GWAS on SNP genotype data has become an effective tool in genome-based plant breeding for the study of oligogenic traits often governed by a few genes with large effects, such as the major monogenic inherited resistance (R) genes⁶³. The use of high-density SNP typing has allowed whole-genome scans for the identification of often small haplotype blocks significantly associated with resistance⁶⁴. The creation of the 600 K SNP array and the chromosomal-scale reference genomes ‘Lo7’ and ‘Weining’ in rye has significantly changed the genomic toolbox available for mining novel resistance genes^50,57. Using these recent advances in rye genomic resources, we successfully managed to identify a site on chromosome arm 7RL that was significantly associated with PM resistance. The high level of resolution provided by the dense marker panel revealed that the PM resistance-associated haplotype block spanned 17 Mbp on the distal tip of the chromosome arm 7RL subtelomeric region.

Until recently, no PM resistance gene had been identified on the rye 7R chromosome. However, during the development of translocation lines for wheat improvement using a local Chinese variety of rye ‘Baili’, Ren et al.⁴² discovered a PM-resistant 7BS:7RL translocation line. With the recipient wheat parent being susceptible, the PM resistance gene traced back to the rye donor chromosome arm 7RL. Resistance phenotyping of the translocation line demonstrated that it displayed a high level of PM resistance against prevalent Bg. tritici pathotypes in China, making it very promising for the development of novel PM-resistant wheat cultivars. Although a novel finding in rye, several PM resistance genes have been identified in wheat chromosomal segments syntenic to rye chromosome arm 7RL. During Triticeae speciation, a series of recurrent translocation events gave rise to major patterns of chromosomal rearrangements⁶⁵. In rye, the distal region of chromosome arm 7RL, therefore, shows high homology with the wheat 2A/B/D chromosomes^58,66. Currently, more than five Pm genes have been identified in wheat on the 2A/B/D chromosomes^67,68.

With the Pm gene discovered by Ren, et al.⁴² originating from a forage-type population of rye in a gene pool distinct from the germplasm investigated in this study, it is reasonable to presume that the two Pm genes could be either distinct or allelic⁶⁹. We provisionally denote the novel Pm locus residing in the subtelomeric region of chromosome arm 7RL as PmNOS1.

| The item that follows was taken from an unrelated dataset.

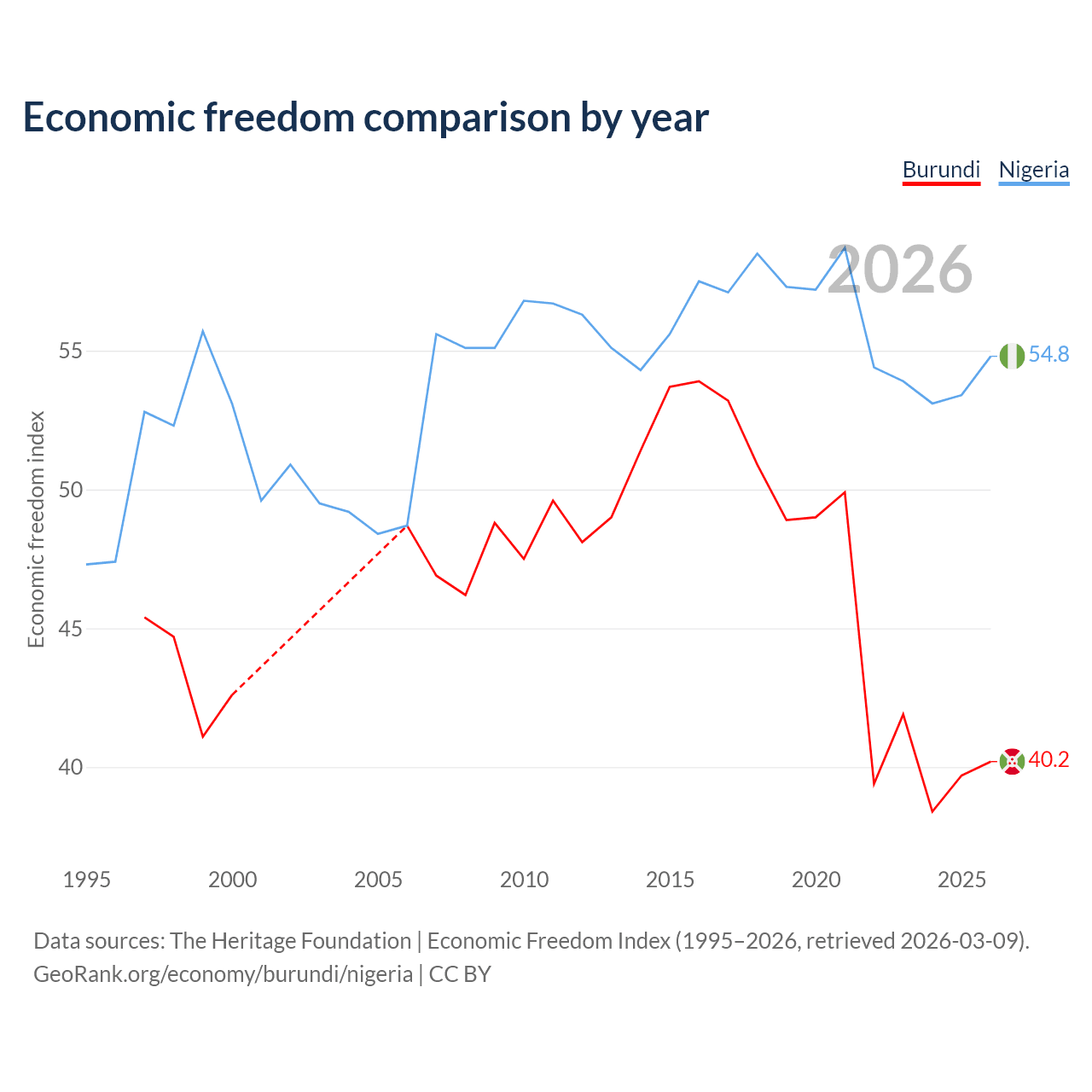 The Economic Freedom Index for Burundi is 40.2, ranking 187/197, compared to 54.8 for Nigeria, ranking 132/197. The chart above displays a comparison of annual changes in economic freedom indexes.

Comparative analysis of the three Bgs populations used in the study revealed that the N13 population significantly differed from the two more recent populations, showing a less virulent composition of pathotypes. In addition, nine non-restorer germplasm breeding lines displaying a differential resistance profile were identified, showing ‘partial resistance’ only to the N13 population. With none of these lines carrying the resistance haplotype associated with the resistance locus on chromosome arm 7RL, our findings suggest that these do not carry the PmNOS1 locus. While this observation can be explained by the occurrence of recombination events between the PM resistance-associated marker and the causative gene, this result seems less likely due to the consistent divergence in the haplotype⁷⁰. Instead, it seems more likely that the differentially resistant non-restorer germplasm lines carry a distinct Pm gene that lost its effect during the period 2013–2018 in northern Germany. As a result of host genetic uniformity and the high evolutionary capacity of Bg to acquire virulence and migrate rapidly over long distances, the effectiveness of Pm genes is often rapidly lost. An example of this is the Mla13 Pm gene introduced in a former Czechoslovakian barley cultivar, ‘Koral’, in 1980¹⁷. After years of providing effective resistance against PM disease, virulence was observed in England in 1988 in a pathotype believed to originate from Czechoslovakia, having migrated by wind across the European continent and North Sea⁷¹. Ongoing monitoring of the virulence structure of Bg was conducted to survey the effectiveness of deployed Pm genes in elite cultivars^72,73. While the Pm gene present in the differentially resistant non-restorer germplasm lines has seemingly been overcome, our findings suggest that PmNOS1 remains effective.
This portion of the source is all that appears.